Привлеченный шумом, господин де Франчи, который, конечно же, из вежливости был занят чтением моего очерка, опубликованного тогда в «Прессе», поднял голову.
Я остановился, пораженный его сходством с братом.
Он поднялся.
— Месье, — сказал он, — я был счастлив, прочитав вашу записку, которую передал мне слуга, когда я вернулся. Я двадцать раз заставлял его повторить, как вы выглядите, чтобы убедиться, что он описывает именно ваш портрет. И, наконец, сегодня утром, горя от нетерпения поблагодарить вас за то, что вы привезли мне весточку от моей семьи, я пришел представиться вам, не обращая внимания на время. Боюсь, что я явился слишком рано.

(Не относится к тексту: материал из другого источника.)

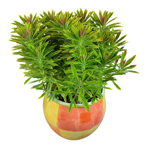 Spurge plant in a flower pot on a white background

— Извините, — ответил я, — если я не сразу отвечаю на ваши любезные комплименты, но должен признаться, месье, что я смотрю на вас и спрашиваю себя, с кем я имею честь разговаривать: с Люсьеном или Луи де Франчи.
— Неужели? Да, сходство большое, — добавил он. — Когда я был еще в Суллакаро, только мы с братом нас не путали. Впрочем, если он еще со времени моего отъезда не отказался от своих корсиканских привычек, то вы наверняка постоянно видели его в костюме, который делает нас несколько несхожими.

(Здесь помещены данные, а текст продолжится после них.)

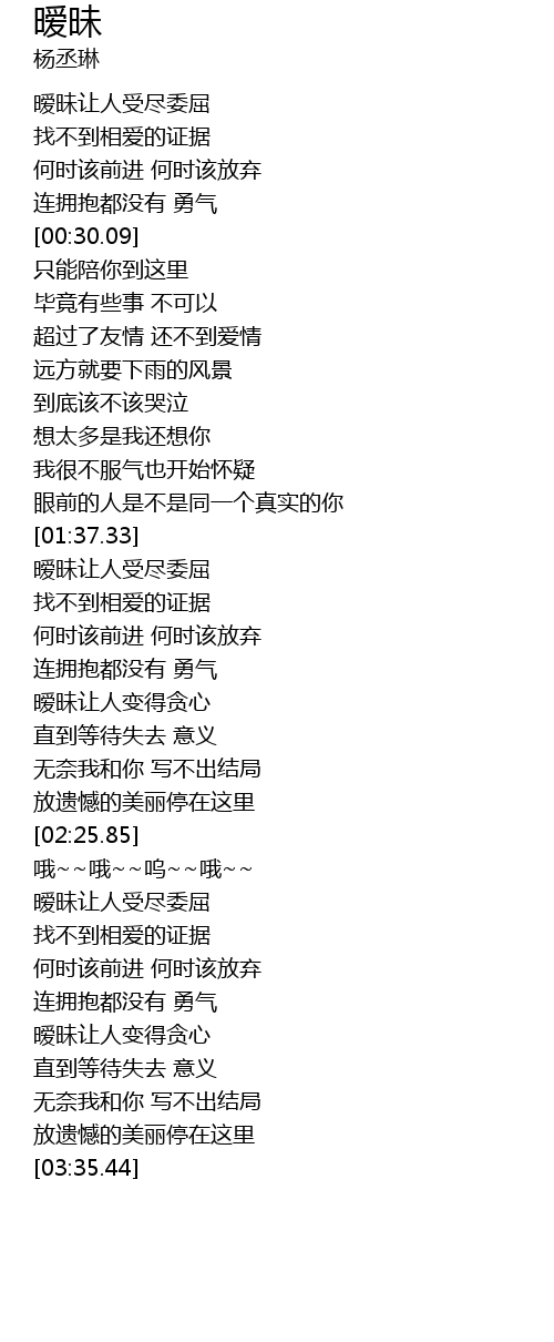 | [01:38.95] | 暧昧让人受尽委屈 |

— Да, конечно, — ответил я, — но случайно получилось, что, когда я расставался с ним, он был одет, как вы сейчас, если не считать белых брюк, которые еще пока рано одевать здесь, в Париже. Вот почему для меня даже это отличие исчезло. Но, — продолжил я, вынимая из бумажника письмо, — я, конечно, понимаю, что вы спешите узнать семейные новости, возьмите это письмо, которое я бы оставил у вас вчера, если бы не пообещал мадам де Франчи передать его вам лично.
— Вы их всех покинули в добром здравии?
— Да, но они беспокоятся.
— Обо мне?
— О вас. Но прочтите письмо, я прошу вас.
— Вы разрешите?
— Само собой!..
Господин де Франчи распечатал письмо, я же тем временем достал сигареты.

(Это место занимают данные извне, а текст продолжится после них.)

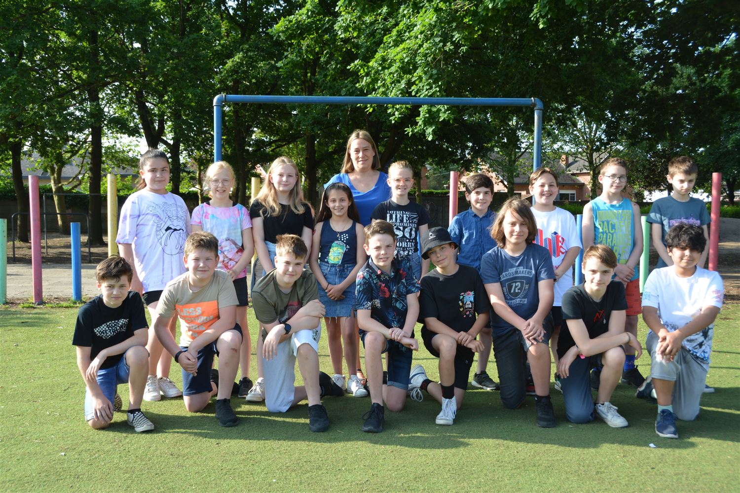 Nog in de Vrije Basisschool De Springplank in Eversel tellen ook de leerlingen van 6B de laatste dagen van hun lager onderwijs af in het gezelschap van hun juf Ellen. Het zijn Ben Baerts, Laura Balette, Lara Blanchard, Kaan Cenan, Iliana Ciamarra, Obi Daniels, Noah Fagard, Nathan Froyen, Ela Ipcioglu, Aezen Malik, Jaimey Put, Vince Quarem, Güzide Sahin, Kjaro Schroyen, Utku Tanriöver, Emile Tarallo, Corneel Theys en Hanne Verpoorten. (foto Marina Poelmans)

Я наблюдал за ним, пока он быстро пробегал глазами братское послание, время от времени он улыбался и бормотал:
— Этот милый Люсьен! Моя прекрасная матушка!.. да… да… я понимаю…
Я все еще не мог привыкнуть к этому странному сходству. Между тем, как и говорил мне Люсьен, я отметил у его брата более бледную кожу и более чистое французское произношение.
— Ну хорошо, — сказал я, предлагая ему сигарету, которую он, закончив читать, прикурил от моей, — вы поняли, что, как я вам и говорил, ваша семья была обеспокоена, но, к счастью, я вижу, что это было напрасно.
— Нет, — ответил он мне с грустью в голосе, — вовсе нет. Я совсем не болен, это верно, но у меня довольно большое горе, которое усугубляется от мысли, что, страдая здесь, я заставляю там страдать брата.
— То, что вы говорите, я уже слышал от господина Люсьена. Дабы поверить, что эта правда, а не его домыслы, я сейчас действительно получил тому достаточно убедительное доказательство. А вы сами, месье, уверены, что недомогание, которое там испытывает ваш брат, вызвано именно вашими страданиями здесь?
— Да, месье, совершенно уверен.
— Тогда, поскольку ваш утвердительный ответ еще больше заинтересовал меня в том, что же с вами случилось, то позвольте вас спросить, поверьте, не из праздного любопытства, это несчастье, о котором вы только что говорили оно уже прошло или как-то улаживается?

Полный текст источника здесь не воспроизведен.